Hay tardes de comer el hambre en crudo, sin más guiso o aliño que tu y yo, la luz, el tiempo y un poco de sal.
Pienso que te regalaré un diamante de sal del Himalaya no para tu dedo. Para tu corazón. Sal fósil con millones de años de las minas de Khewra en Cachemira. Porque sé que solo te interesan los diamantes que se comen.
Luego, en sal gruesa y parda de las salinas de la Bretaña esconderé esta lubina que he pescado entre las rocas de esa playa de Oyambre. veinte minutos a horno fuerte. Rompo la costra, saco con cuidado la carne y añadimos unas gotas, pocas, de limón verde. Cocina milenaria y primitiva. Si estuviéramos en Perú la hubiera hecho en tiradito, se que también te gustaría con limoncillo, tomate verde y un roce de aji. Pero estamos aquí, al otro lado del mundo.

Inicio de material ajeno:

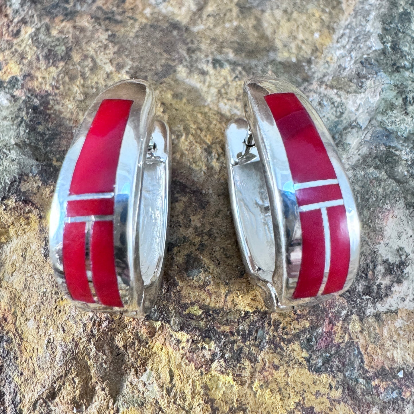 David Rosales Rosarita Inlaid Sterling Silver Earrings Huggie

A los pescados, a la vida, le valen pocos adornos, escasos afeites, ningún decorado. Comer un pescado asado o comerse la vida con los dedos, arrancando la carne de la espina, separando la piel con delicadeza y descubriendo lo rico que está así casi todo. No hace falta irse lejos, ni tener cama de plumas o vajilla francesa, no hace falta más que intención, hambre, tiempo y mar.